Петровна откинула с лица ребенка грязный фартук и, подперев рукой подбородок, долго смотрела на него влажными глазами.

— Мальчик был... Какой черноволосый... Молодец бы был... Кормилец бы потом был... Экое горе какое! А я сегодня, думаю, пойду помогу, и сговорила Ефросинью за меня смену проработать.

— Спасибо тебе, Петровна,— со стоном отозвалась Лукерья.

— Ну, что «спасибо», все под богом ходим... Не надо было тебе работать до последних дней. Сказала бы Сергею Александровичу, он бы тебя уволил на это время; мужик он хороший.

Лукерья вдруг заплакала.

— Ну, о чем ты, не реви, все пройдет.

— Рад бы в рай, да грехи не пускают,— хмуро сказала Степанида, засучивая рукава.— Оно хорошо бы до родов на худой конец неделю — две не работать, да после родов, да как можно?.. Голодуха гонит.

Женщины положили трупик ребенка на стол, прикрыли его белой холстиной.

— Гробик бы надо,— сказала Оля, глядя сквозь слезы на ребенка.

— Ну, гробик,— сказала Петровна,— подь-ка не живой был, да умер. Ящичек бы найти. В церковь к попу не понесем... Отпевать он его не будет — некрещенный. Прямо на могильничек снести и все.

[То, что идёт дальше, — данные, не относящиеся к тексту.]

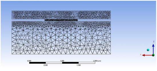 The commercial software of ANSYS Mechanical (ANSYS Inc, Canonsburg, PA, USA) has been chosen for simulating the lateral and the in-depth temperature profile of the quartz/Ag NW/ PEN interface by conducting a Finite Element Analysis. In Figure 1 the selected Grid is displayed. Grid sensitivity analysis was performed in order to determine the optimal grid in terms of accuracy and time efficiency for our case study: A coarse grid would produce inaccurate results, while a much denser grid approach would be computationally intensive. In our case, a well sized, refined and computationally efficient grid was created, with an average element size of 0.01 nm in the Ag-NW rod body of 50 nm in diameter (total number of elements comprising the rod is 3485). Therefore the aspect ratio of Ag NW diameter:element size is 5000:1. The mesh characteristics of the model are presented in Table 1: The Orthogonal Average Quality is an important measure of the mesh quality and varies from 0 to 1, with the latter being the best possible quality. In our case this value is approximately 0.87, indicating an adequate mesh quality for avoiding discretization errors. Two different geometries were simulated: 1: cylindrical—rod nanowires, 2: cuboid shaped nanowires.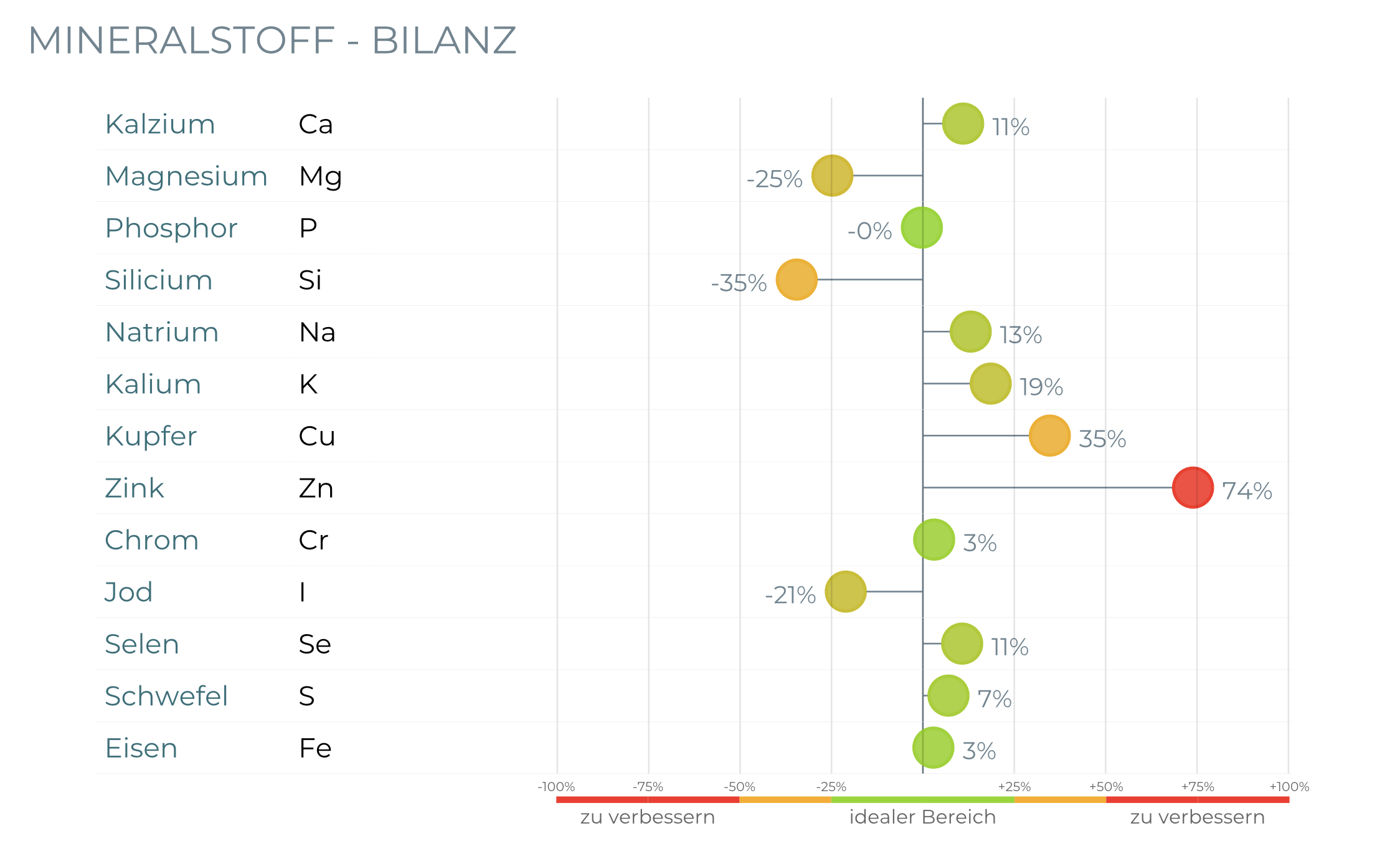 • Mineralstoffe und Spurenelemente: Ermittlung von essenziellen Nährstoffen, die für zahlreiche Körperfunktionen wichtig sind.

Где-то на чердаке женщины нашли небольшой ящик, положили в него трухи, завернули ребенка в холстину и уложили в ящик. Все это они делали молча, сосредоточенно. Оля нарвала с герани живых листочков и насыпала на холстину, а Петровна разожгла на шестке углей, сложила их в шумовку и, раздувая угли, спросила:

— Ладану бы надо... Есть ладан-то, Луша?

На божнице оказалось несколько комочков ладану. Петровна положила ладан на тлеющие угли и, громко шепча молитвы, стала кадить. Потом вполголоса произнесла:

— Вечная память, вечная память, вечная память.

Степанида заколотила ящик гвоздями.

— Ну вот, слава тебе, господи, управилась,— сказала Петровна со вздохом.— Как всамделешный покойник стал.

Утром пошли на кладбище. Степанида подмышкой несла ящик с трупиком ребенка, а Оля на плече лопату и кайло. День был пасмурный, серый. В воздухе носились редкие, легкие пушинки снега. Степанида с Олей бродили по кладбищу среди крестов и бугров могил, занесенных снегом, искали могилу Сидора.

— Летом кладбище такое, а зимой совсем другое,— грустно говорила Степанида.— Летом хоть пичужки поют на деревьях, а зимой так совсем мертво и неузнаваемо.

Наконец, нашли могилу Сидора. Она была покрыта толстым пластом чистого, как сахар, снега. На кладбище была настороженная тишина. Даже легкий ветер, играя с ветвями сосен, не нарушал мертвой тишины. Степанида размашисто перекрестила лопатой снег на могиле и проговорила:

— А ну, господи, благослови.

И проворно стала разгребать сыпучую толщу снега.